Give the data again exactly, without its images.

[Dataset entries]
-- Opening Marker --
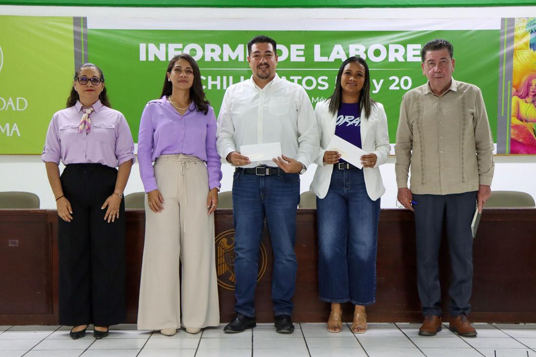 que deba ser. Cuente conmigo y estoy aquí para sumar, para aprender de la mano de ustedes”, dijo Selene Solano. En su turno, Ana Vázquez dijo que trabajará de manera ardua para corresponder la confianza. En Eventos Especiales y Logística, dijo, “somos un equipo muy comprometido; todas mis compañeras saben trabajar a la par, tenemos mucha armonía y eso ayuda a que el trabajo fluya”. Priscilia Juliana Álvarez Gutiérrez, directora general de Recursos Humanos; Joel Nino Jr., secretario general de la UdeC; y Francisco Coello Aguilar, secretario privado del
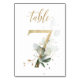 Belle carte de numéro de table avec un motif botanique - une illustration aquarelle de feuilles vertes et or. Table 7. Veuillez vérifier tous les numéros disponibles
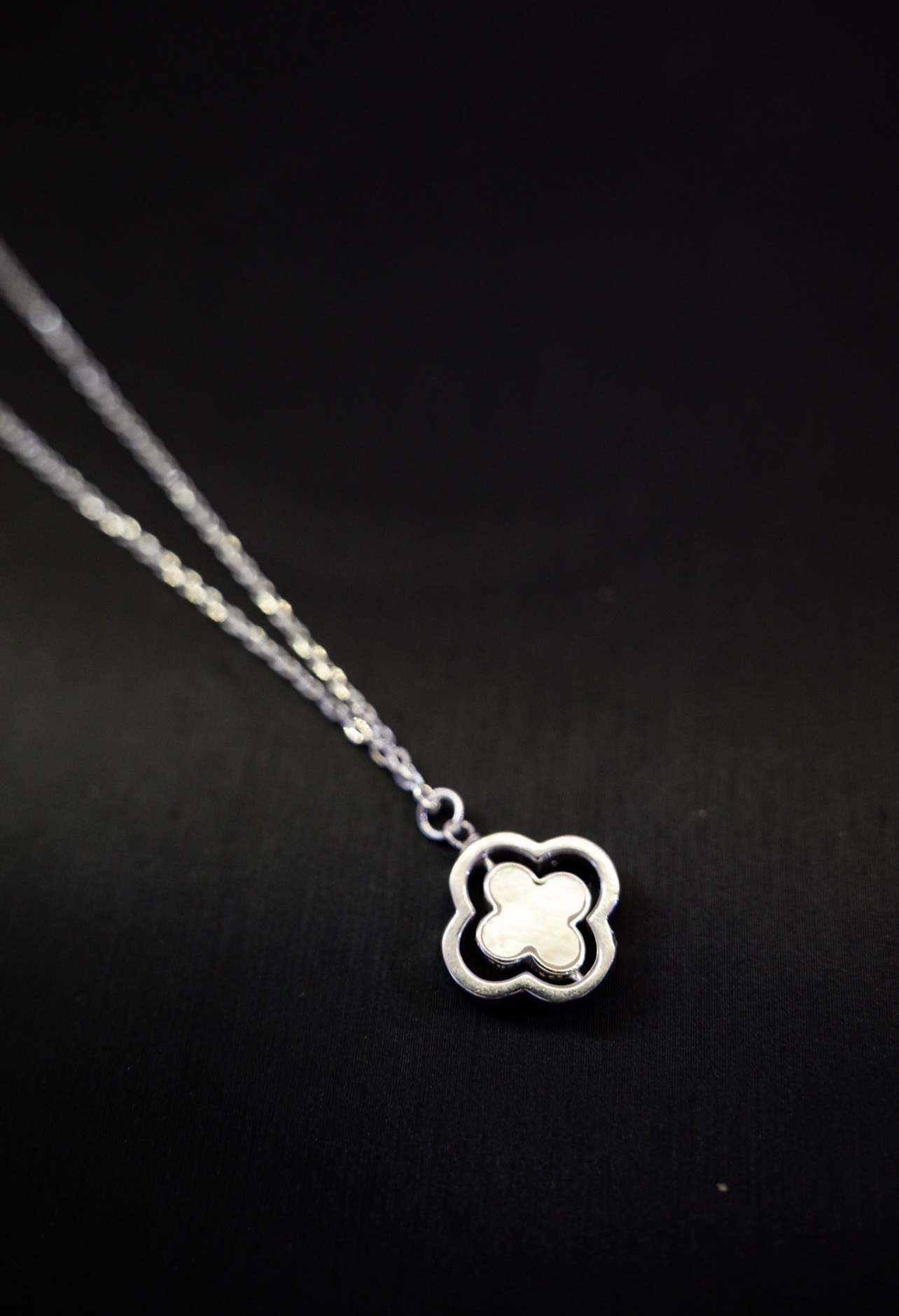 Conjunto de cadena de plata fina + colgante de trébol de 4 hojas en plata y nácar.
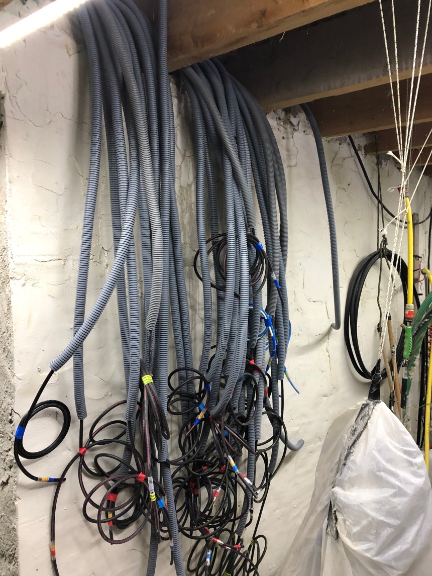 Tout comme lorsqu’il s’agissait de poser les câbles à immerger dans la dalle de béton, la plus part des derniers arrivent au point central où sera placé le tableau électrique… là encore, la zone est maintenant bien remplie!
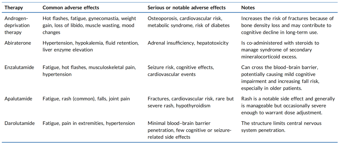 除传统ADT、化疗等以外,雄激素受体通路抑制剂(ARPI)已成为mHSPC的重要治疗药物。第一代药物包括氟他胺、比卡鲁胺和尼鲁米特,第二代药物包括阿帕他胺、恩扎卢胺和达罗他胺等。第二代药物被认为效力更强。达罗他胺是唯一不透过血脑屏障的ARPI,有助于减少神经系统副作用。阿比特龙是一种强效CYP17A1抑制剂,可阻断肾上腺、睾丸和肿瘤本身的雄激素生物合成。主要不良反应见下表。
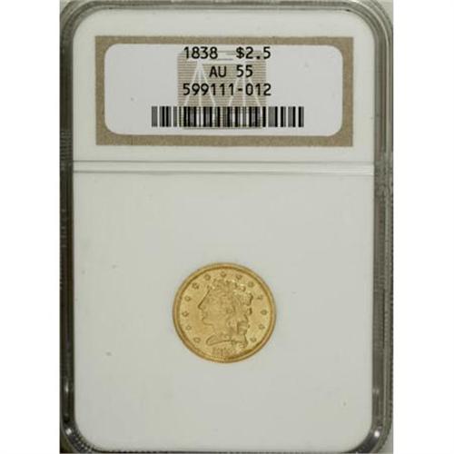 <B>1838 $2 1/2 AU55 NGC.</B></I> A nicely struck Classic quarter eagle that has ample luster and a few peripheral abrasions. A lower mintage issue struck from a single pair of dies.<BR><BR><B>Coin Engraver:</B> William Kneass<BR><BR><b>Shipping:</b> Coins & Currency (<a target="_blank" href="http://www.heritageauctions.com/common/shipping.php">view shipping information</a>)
-- Closing Marker --
▶ _Response to this task_
 que deba ser. Cuente conmigo y estoy aquí para sumar, para aprender de la mano de ustedes”, dijo Selene Solano. En su turno, Ana Vázquez dijo que trabajará de manera ardua para corresponder la confianza. En Eventos Especiales y Logística, dijo, “somos un equipo muy comprometido; todas mis compañeras saben trabajar a la par, tenemos mucha armonía y eso ayuda a que el trabajo fluya”. Priscilia Juliana Álvarez Gutiérrez, directora general de Recursos Humanos; Joel Nino Jr., secretario general de la UdeC; y Francisco Coello Aguilar, secretario privado del
 Belle carte de numéro de table avec un motif botanique - une illustration aquarelle de feuilles vertes et or. Table 7. Veuillez vérifier tous les numéros disponibles
 Conjunto de cadena de plata fina + colgante de trébol de 4 hojas en plata y nácar.
 Tout comme lorsqu’il s’agissait de poser les câbles à immerger dans la dalle de béton, la plus part des derniers arrivent au point central où sera placé le tableau électrique… là encore, la zone est maintenant bien remplie!
 除传统ADT、化疗等以外,雄激素受体通路抑制剂(ARPI)已成为mHSPC的重要治疗药物。第一代药物包括氟他胺、比卡鲁胺和尼鲁米特,第二代药物包括阿帕他胺、恩扎卢胺和达罗他胺等。第二代药物被认为效力更强。达罗他胺是唯一不透过血脑屏障的ARPI,有助于减少神经系统副作用。阿比特龙是一种强效CYP17A1抑制剂,可阻断肾上腺、睾丸和肿瘤本身的雄激素生物合成。主要不良反应见下表。
 <B>1838 $2 1/2 AU55 NGC.</B></I> A nicely struck Classic quarter eagle that has ample luster and a few peripheral abrasions. A lower mintage issue struck from a single pair of dies.<BR><BR><B>Coin Engraver:</B> William Kneass<BR><BR><b>Shipping:</b> Coins & Currency (<a target="_blank" href="http://www.heritageauctions.com/common/shipping.php">view shipping information</a>)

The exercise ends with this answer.